BTW our testers have found new regression when new lighttpd is used - when date/time is changed by child process called from lighttpd fcgi interface - that child process terminates and not restarted.
Not yet resolved.

Correction for above - it happens only when RTC is broken (lithium battery removed).
Old lighttpd works in this situation.

Well, it seems like you haven't read the documentation or searched this site for an answer to those questions.
(Hint: you're not the first embedded system to use lighttpd with a broken clock.
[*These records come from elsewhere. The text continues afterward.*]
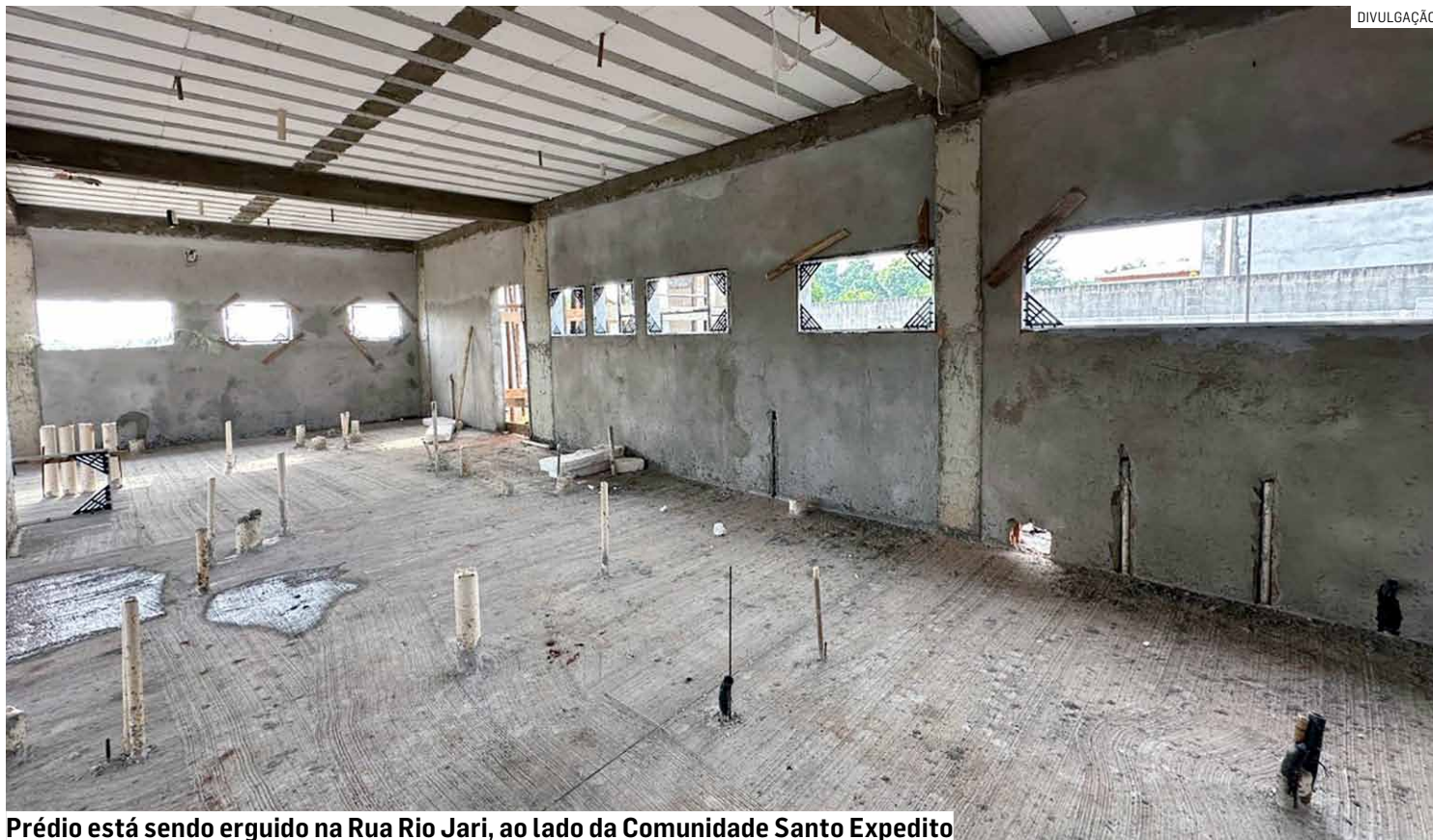
Prédio está sendo erguido na Rua Rio Jari, ao lado da Comunidade Santo Expedito

Com 596,12 m 2 de área construída, a unidade foi planejada para garantir atendimento integral e humanizado em um espaço amplo, moderno, acessível e sustentável. O projeto inclui consultórios médicos, ginecológicos e odontológicos; salas multiprofissionais; setores de vacinação, medicação, curati-
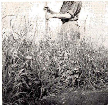
①イタリアンライグラス（クリムソン混播）

融雪早々播種2カ月で3,200 疋 分蘖多く、葉の多い草質の軟かい雪印101号 をお試し下さい。
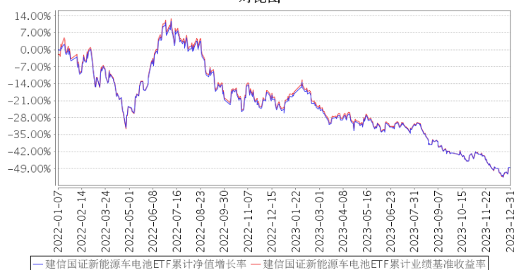
建信国证新能源车电池ETF累计净值增长率与同期业绩比较基准收益率的历史走势对比图
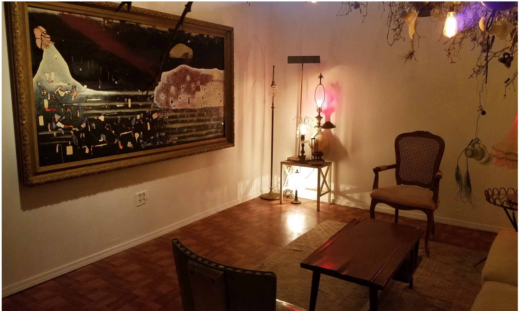
La Lámpara y Den Bosche (El Bosque), 2017
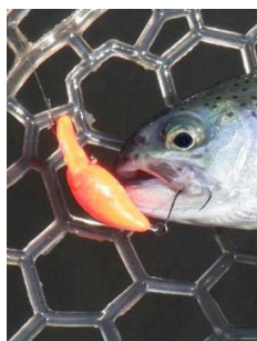
ちびパニクラDR-SS 蛍光オレンジ
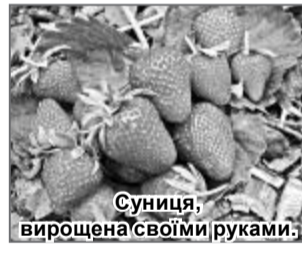
Суніця, вирощена своїми руками.
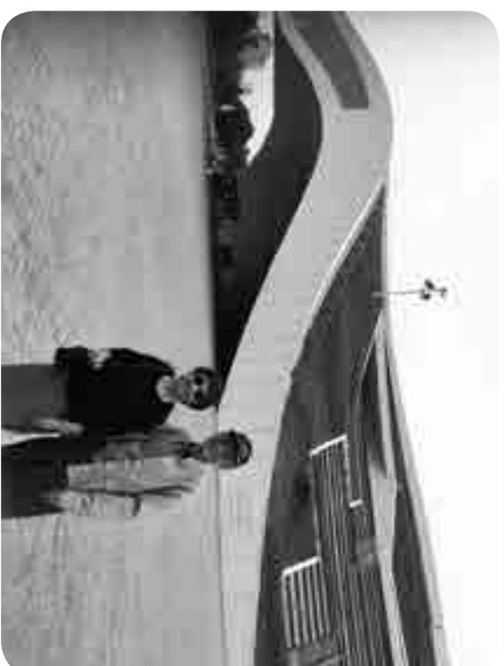
▲ 靠主得勝以豐盛生命南下傳福音，攝於衛武營國家藝文中心
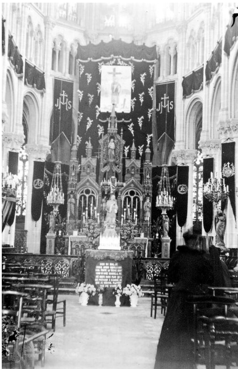
Vue du choeur au début du 20e siècle (AP Congrégation).
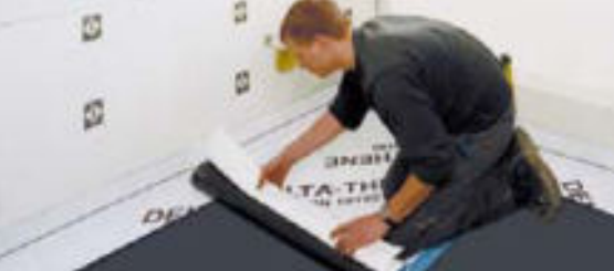
Schnelle Verarbeitung von der Rolle.
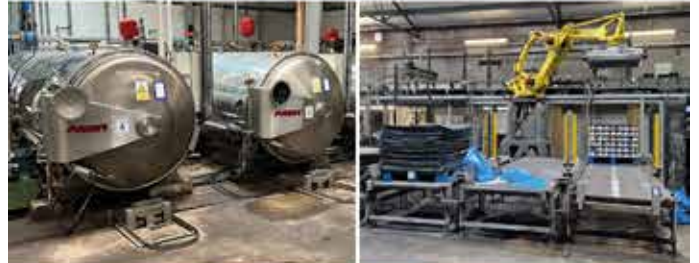
Online-Auktion von Maschinen und Inventar für die Produktion von Snacks und Convenience-Produkten in Deurne (NL)
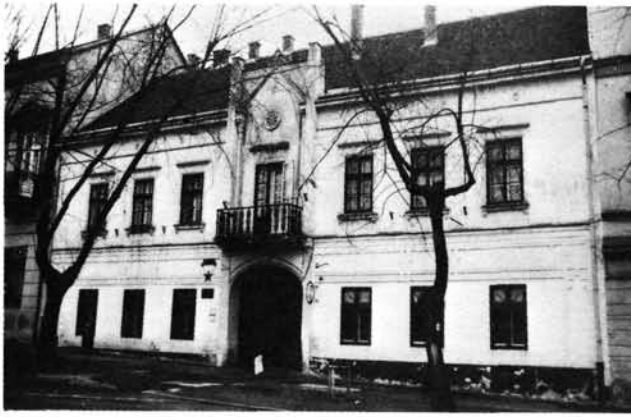
7. kép: A romantikus stílusú Deák tér 2. számú Grünhut-ház. Deák-Platz 2, das Grünhut-Haus im romantischen Stil.
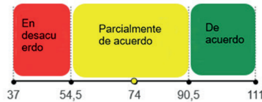
Figura 37. Eje de concordancia entre la investigación, ODS y coordinación de esfuerzos

Para calcular los rangos de este eje se siguió la misma estructura del eje anterior. Primero se tomaron las categorías de las variables de interés: con el valor de 1 para la categoría nulo, 2 escaso, 3 apenas suficiente, 4 suficiente y 5 muy suficiente. Para simplificar el análisis, se agruparon las categorías 1 y 2 en la categoría escaso (E) y se asignó el valor de 1, la categoría apenas suficiente (M) pasó de tener un valor de 3 a 2 y las categorías 4 y 5 se agruparon en la categoría suficiente (S) con un valor de 3.
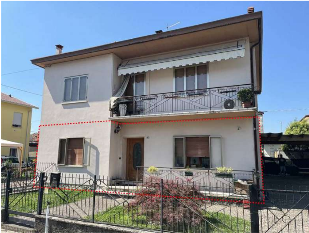
N.3 – Vista nord-est
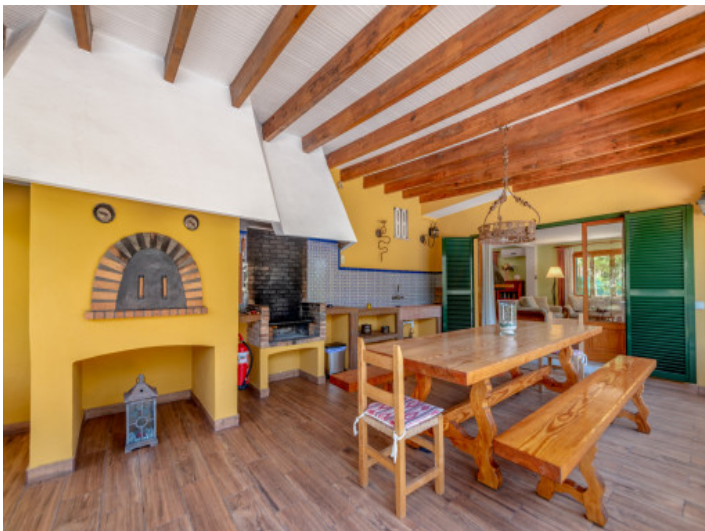
Terrasse mit Grillbereich
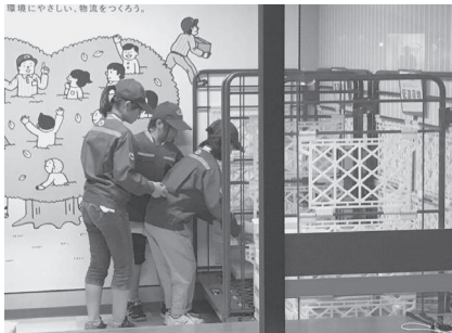
段取りや用語など覚えることはたくさん

全国的にも珍しい取り組みであり、今年のテーマである連携をもとに地域企業の支援を受け、子どもたちに「働く意味」や「職業観」を養ってもらいたいと、千葉県千葉市にある職業体験施設「カンドゥー」へのツアーを催しました。 パイロットを始め、建築士、新聞記者、技術者やカフェ店員など、30種類以上の職業を体験できるこの施設は、親子3世代
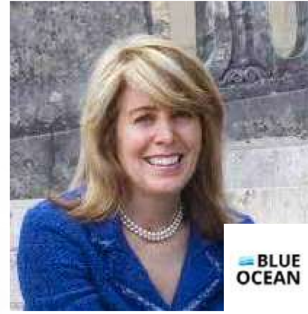
د. رينيه موبورن أستاذة ومؤسسة استراتيجية المحيط الأزرق
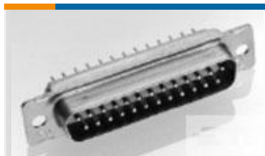
TE 产品编号211529-1 AMPLIMITE,ASY,RCPT,FB,109,5
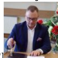
Camera[/caption][caption id="attachment_73163" align="alignnone" width="100"] KODAK Digital Still Camera[/caption][caption id="attachment_73164" align="alignnone" width="100"]
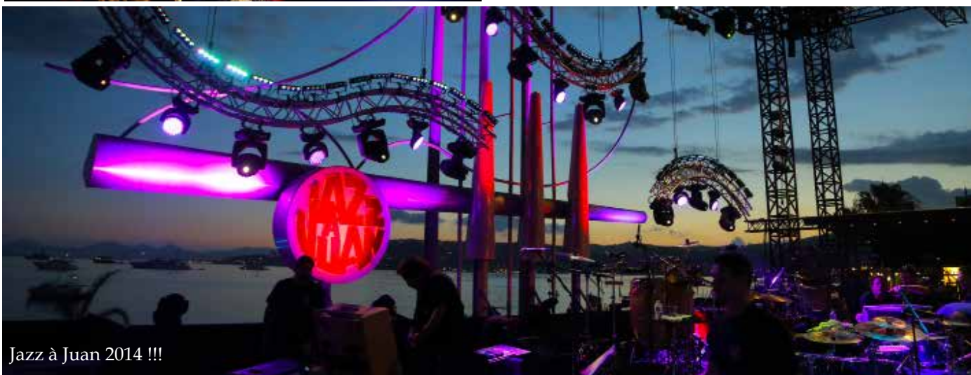
Jazz à Juan 2014 !!!
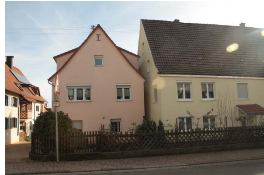
Hauptstraße 17 und 15: schwierige Grundstücksverhältnisse
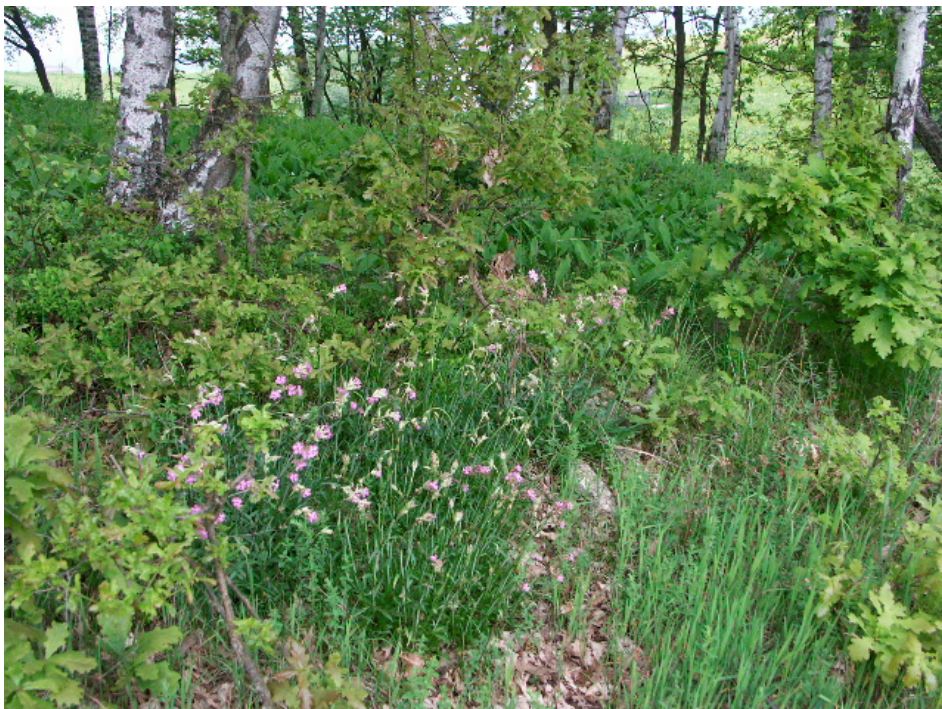
Abb. 17: Typisches Bühel, bei Hundbrenning
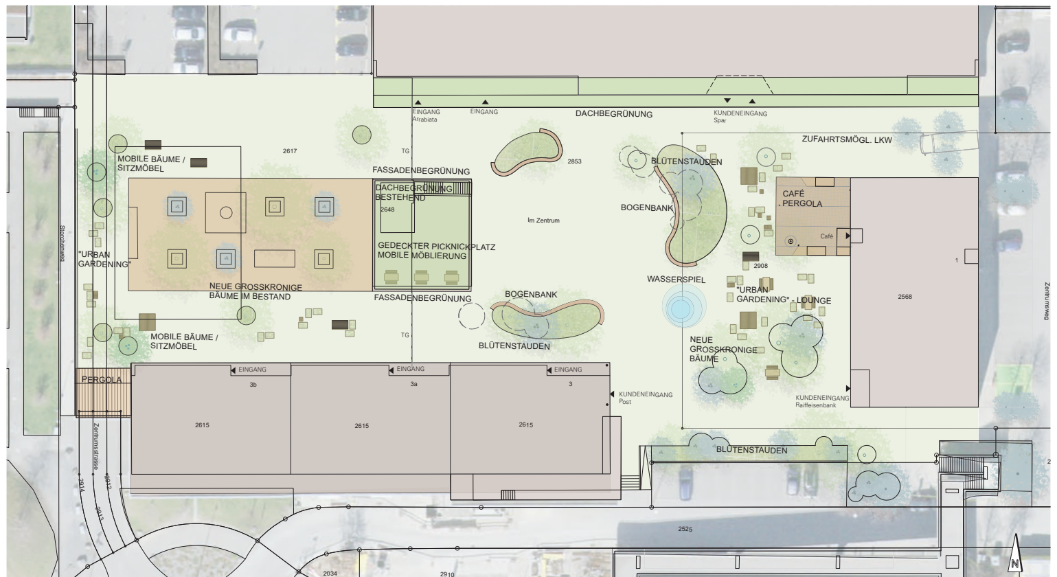
Der Plan zeigt die Vision des Zentrumsplatzes auf, wie er einst aussehen könnte.

Für diese Massnahmen tragen die beiden Grundeigentümer wie bereits in der ersten

You're probably not using full paths to run lighttpd and its config paths.)

Also, since you do not seem to know the etiquette to staying on topic, I won't be responding further.

Well, sorry for not knowing etiquette, it was not intentional.

Where to use full paths, I do not understand.
Our current setup, if needed:

/etc/inittab

kd-oper:unknown:/sbin/nice -n 0 /usr/bin/lighttpd -D -f /etc/lighttpd.conf

/etc/lighttpd.conf

server.document-root="/usr/share/kd-oper-web" 
server.port = 80
server.modules = ( "mod_rewrite", "mod_fastcgi" )

url.rewrite-once = (
    "^/media/([a-zA-Z_0-9\-]+\.[a-z]+)$" 
        => "/?PATH=$1&PAGE=MEDIA",

    "^/$"    => "/?PATH=login&PAGE=login",

    "^/([a-z_0-9]+)/$" 
        => "/?PATH=$1&PAGE=$1",

    "^/([a-z_0-9]+)/\?(.+)$" 
        => "/?PATH=$1&PAGE=$1&$2",

    "^/([a-z_0-9]+)/([0-9]+)/([a-z_0-9]+)/$" 
        => "/?PATH=$1/$2/$3&PAGE=$1_$3&INDEX=$2",

    "^/([a-z_0-9]+)/([0-9]+)/([a-z_0-9]+)/\?(.+)$" 
        => "/?PATH=$1/$2/$3&PAGE=$1_$3&INDEX=$2&$4",
)

fastcgi.server = ( "/" =>
  (( 
    "host" => "127.0.0.1",
    "port" => "666",
    "bin-path" => "/usr/bin/kd-oper-web",
    "min-procs" => 1,
    "max-procs" => 1,
    "max-load-per-proc" => 4,
  ))
)

set_datetime.c

...

static int set_datetime(const char *year,
                        const char *month,
                        const char *day,
                        const char *hour,
                        const char *min,
                        const char *sec)
{
        if (!year || !month || !day || !hour || !min || !sec)
                return -1;

        char command[100];
        snprintf(command, sizeof(command),
                "date -s %s.%s.%s-%s:%s:%s",
                year, month, day, hour, min, sec);
        system(command);

        system("hwclock -wu");

        return 0;
}

...

https://unix.stackexchange.com/questions/550431/understand-the-etc-inittab
https://superuser.com/questions/507576/how-to-automatically-restart-a-linux-background-process-if-it-fails
respawn

We've tried several methods of respawn - seems that uClinux for Blackfin is buggy in that area.
And finally we solved our problem by just disabling respawn:

server.feature-flags = (
    "server.clock-jump-restart" => 0
}

We've tried several methods of respawn - seems that uClinux for Blackfin is buggy in that area.

(note: that is not an issue in lighttpd, but is a huge red flag for ancient software if your system init is buggy!)

If you have a broken clock and disable lighttpd restart when the clock jumps, then you may have a variety of difficulties with TLS libraries, such as openssl used by lighttpd mod_openssl.

Modern lighttpd makes an effort to use the system monotonic clock rather than the realtime clock whenever possible, so lighttpd by itself should generally handle clock jumps gracefully, but when other libraries are involved, such as TLS libraries, those libraries might not handle large clock jumps so well.

With modern lighttpd, an embedded system might consider "min-procs" => 0, in your fastcgi.server config, and lighttpd will start up the backend when required, and kill it when idle for some time. This can save memory by not having the backend using resources if the backend is seldom used.

If lighttpd itself is seldom used, you can have inetd or xinetd start lighttpd as needed.

Additionally, since lighttpd 1.4.70, if you disable HTTP/2 in lighttpd ("server.h2proto" => "disable" in server.feature-flags), then you will save some memory by lighttpd not loading HTTP/2 support.